● **REQUIRED ACTION**: Each line of the material should be set down exactly. Pictures are not part of the copy.

● **RECORDED DATA**:
===
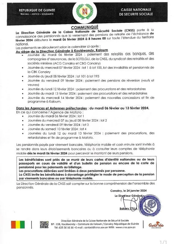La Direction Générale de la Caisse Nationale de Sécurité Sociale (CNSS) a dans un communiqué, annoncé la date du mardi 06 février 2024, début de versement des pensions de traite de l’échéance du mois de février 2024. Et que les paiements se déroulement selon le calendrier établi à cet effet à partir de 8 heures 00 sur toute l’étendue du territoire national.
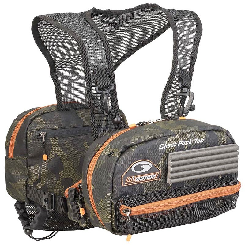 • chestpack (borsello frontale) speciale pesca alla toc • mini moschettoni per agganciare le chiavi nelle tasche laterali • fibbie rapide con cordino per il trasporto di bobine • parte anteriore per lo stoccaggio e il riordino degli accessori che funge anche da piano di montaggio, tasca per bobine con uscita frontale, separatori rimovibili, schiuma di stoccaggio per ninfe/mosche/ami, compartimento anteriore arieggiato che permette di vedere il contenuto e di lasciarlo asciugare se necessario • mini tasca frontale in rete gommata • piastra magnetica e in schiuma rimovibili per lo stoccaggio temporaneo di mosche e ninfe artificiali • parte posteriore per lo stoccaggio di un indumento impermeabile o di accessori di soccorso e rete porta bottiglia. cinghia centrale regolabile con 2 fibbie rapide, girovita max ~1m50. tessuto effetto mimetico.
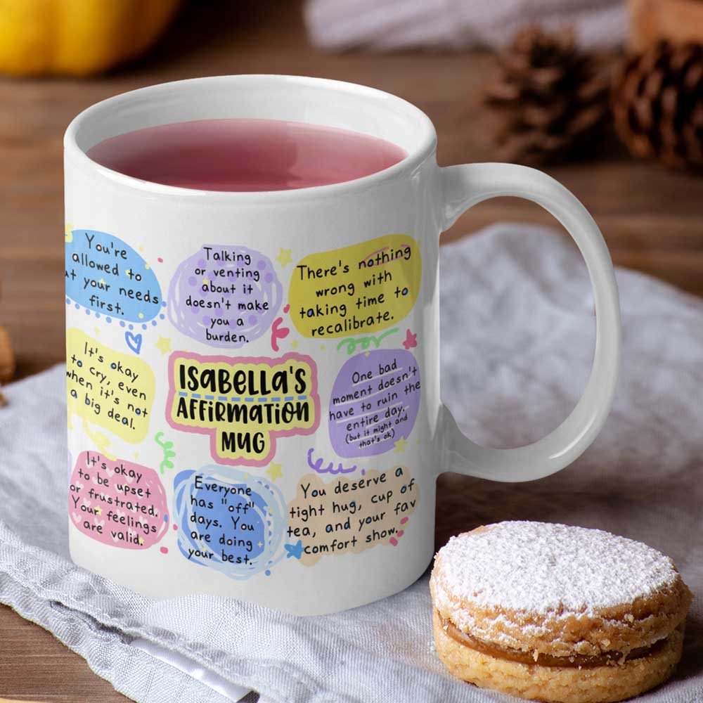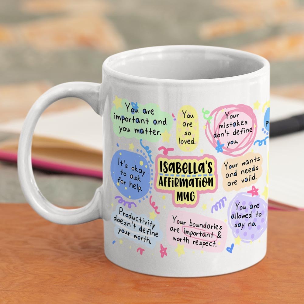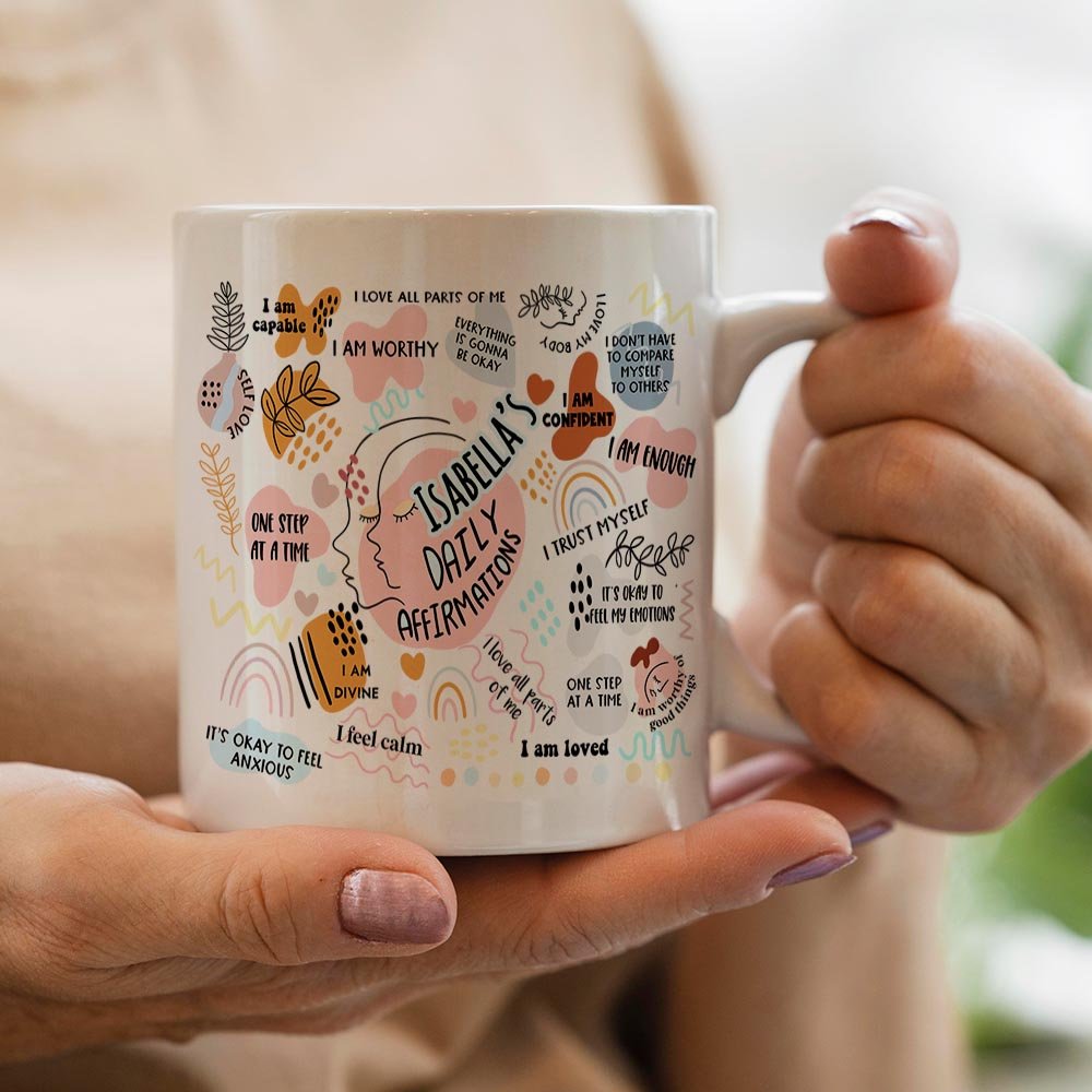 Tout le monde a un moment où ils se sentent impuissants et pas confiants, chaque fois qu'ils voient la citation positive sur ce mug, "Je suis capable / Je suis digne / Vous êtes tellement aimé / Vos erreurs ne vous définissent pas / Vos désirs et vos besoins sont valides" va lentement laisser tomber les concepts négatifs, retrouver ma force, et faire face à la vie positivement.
===
● **ANSWER SPACE**:
La Direction Générale de la Caisse Nationale de Sécurité Sociale (CNSS) a dans un communiqué, annoncé la date du mardi 06 février 2024, début de versement des pensions de traite de l’échéance du mois de février 2024. Et que les paiements se déroulement selon le calendrier établi à cet effet à partir de 8 heures 00 sur toute l’étendue du territoire national.
 • chestpack (borsello frontale) speciale pesca alla toc • mini moschettoni per agganciare le chiavi nelle tasche laterali • fibbie rapide con cordino per il trasporto di bobine • parte anteriore per lo stoccaggio e il riordino degli accessori che funge anche da piano di montaggio, tasca per bobine con uscita frontale, separatori rimovibili, schiuma di stoccaggio per ninfe/mosche/ami, compartimento anteriore arieggiato che permette di vedere il contenuto e di lasciarlo asciugare se necessario • mini tasca frontale in rete gommata • piastra magnetica e in schiuma rimovibili per lo stoccaggio temporaneo di mosche e ninfe artificiali • parte posteriore per lo stoccaggio di un indumento impermeabile o di accessori di soccorso e rete porta bottiglia. cinghia centrale regolabile con 2 fibbie rapide, girovita max ~1m50. tessuto effetto mimetico.
 Tout le monde a un moment où ils se sentent impuissants et pas confiants, chaque fois qu'ils voient la citation positive sur ce mug, "Je suis capable / Je suis digne / Vous êtes tellement aimé / Vos erreurs ne vous définissent pas / Vos désirs et vos besoins sont valides" va lentement laisser tomber les concepts négatifs, retrouver ma force, et faire face à la vie positivement.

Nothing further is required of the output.